The combined format reflects a view gaining ground across the sector: cyber security can no longer be handled effectively in isolated teams. Boards, regulators and executives now expect security leaders to show how defensive measures connect to business risk, operational continuity and software delivery.

That has widened the role of the Chief Information Security Officer and increased the need for coordination between cyber teams and business units. In many organisations, decisions about AI deployment, cloud migration, supplier management and industrial systems now carry security implications that cannot be managed by one function alone.

"Closer alignment across CISO, OT, cloud and application security is now essential. Security leaders are managing faster threats, broader attack surfaces and increasing accountability. Bringing these communities together creates the trust, visibility and shared understanding needed to respond effectively when it matters most," said Maddie Abe of Corinium Global Intelligence.

The speaker list includes executives and experts from Mercari, the Australian Signals Directorate, QBE, Downer, Victoria University, Telstra, St John of God Health Care, Northern Trust, Medibank, Ampol, Atlassian and EnergyAustralia. Around 50 speakers are expected to take part.

Practical agenda

A central theme across the programme is the use of practical frameworks and case studies rather than abstract discussion.

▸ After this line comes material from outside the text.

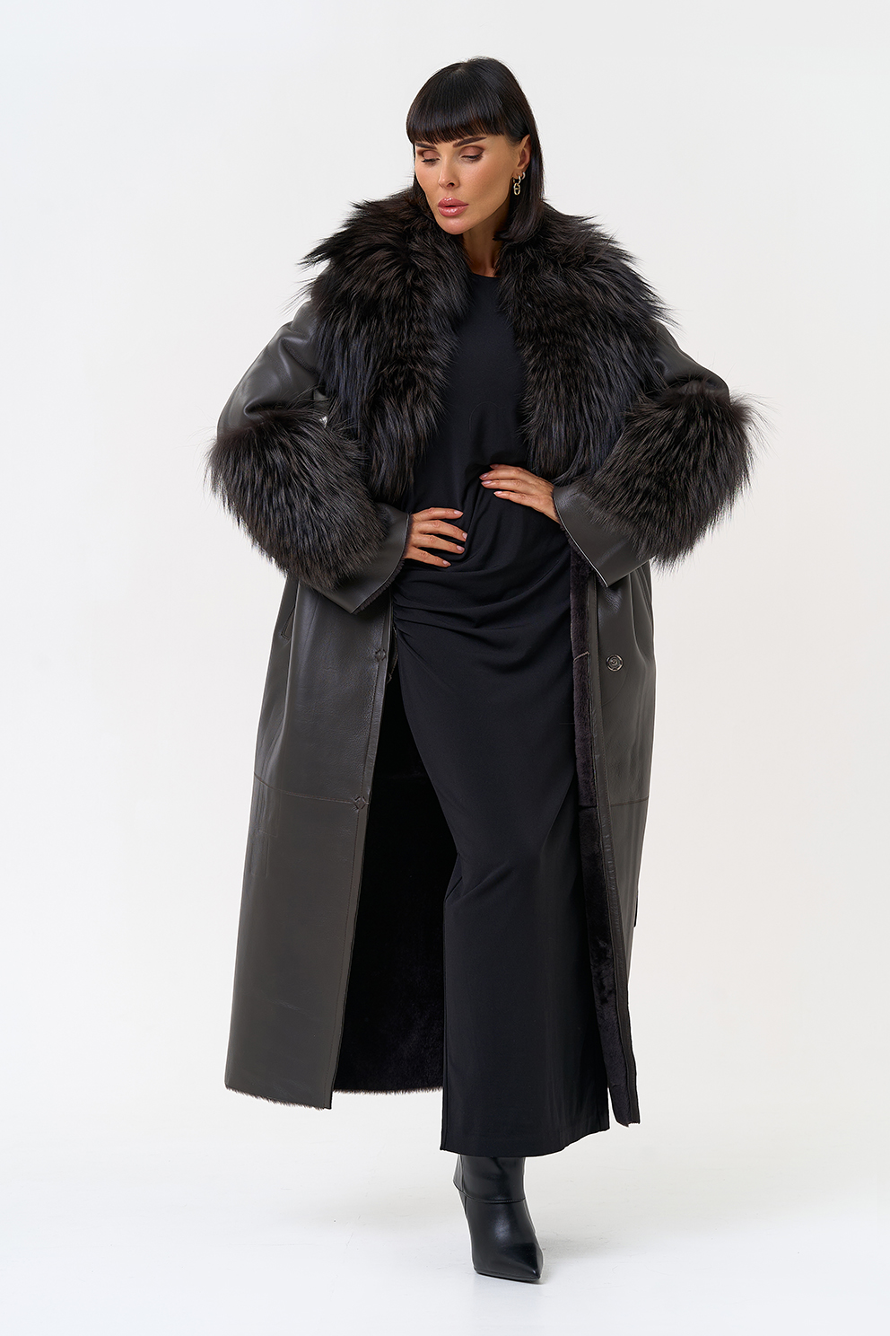 Отделка рукава - мех лисы, цвет серый

Topics will range from board-level conversations about cyber risk to zero trust implementation and incident response.

That emphasis reflects wider demand from senior security leaders for material they can apply within their organisations. As threat activity grows and compliance burdens increase, many security executives are under pressure to deliver measurable outcomes while managing constrained budgets and legacy systems.

Bringing operational technology, cloud security and software security together under one umbrella also reflects the expansion of attack surfaces. Industrial networks, cloud estates and application development pipelines are now central to the resilience of large organisations, particularly in regulated sectors such as finance, healthcare, infrastructure and energy.

Australia's cyber security market has placed increasing attention on resilience planning as organisations deal with the effects of high-profile incidents, stricter reporting expectations and a tougher environment for critical systems. The Melbourne programme is aimed at that backdrop, with an agenda built around coordination between teams that have often worked to separate priorities.

Corinium Global Intelligence convenes executive-focused events and research communities in technology, data, information security and digital infrastructure. The combined Melbourne gathering is intended to give security and risk leaders a shared forum for these issues.

More than 500 senior cyber security, risk and technology professionals are expected to attend, alongside 50 speakers from industry, government and academia.